The annual KDD conference is the premier interdisciplinary conference bringing together researchers and practitioners from data science, data mining, knowledge discovery, large-scale data analytics, and big data.
As part of KDD 2020’s virtual conference, we demonstrated visual tools and metrics using a pre-trained machine learning model to help others better understand how well calibrated their classification models are. During this tutorial, we also demonstrated ways to calibrate the model after training - from theory to a Keras implementation. For more information, check out our KDD website or watch the tutorial here.
A two-year joint venture between nPlan (lead), University of Cambridge and Kier.
We have teamed up to create an AI model to recommend optimised pathways for schedule execution based on data of thousands of previous projects. Using nPlan’s existing work we will be creating algorithms to predict project risk. The model will allow Project Managers of Construction Sites to identify the risks within their projects so that they can make better informed decisions on where they should focus their efforts.
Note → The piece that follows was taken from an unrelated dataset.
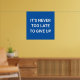 "It's never too late to give up" is a funny sassy demotivational quote here on a blue base.

A 12 month joint venture between nPlan (lead) and Atkins.
We are delivering a programme to further advance and implement our existing technology to determine the most likely duration of construction projects undertaken by Atkins. With this knowledge, we hope we can help highlight future contractual incentives.
A two-year joint venture between Skanska (lead), nPlan, BRE, Vinci and Assentian.
We are creating a user friendly supply chain management tool that can be used in the planning of construction projects. Using this tool we hope will resort to better project planning, improve collaboration across the supply chain and a cause in developing a business model for commercial use.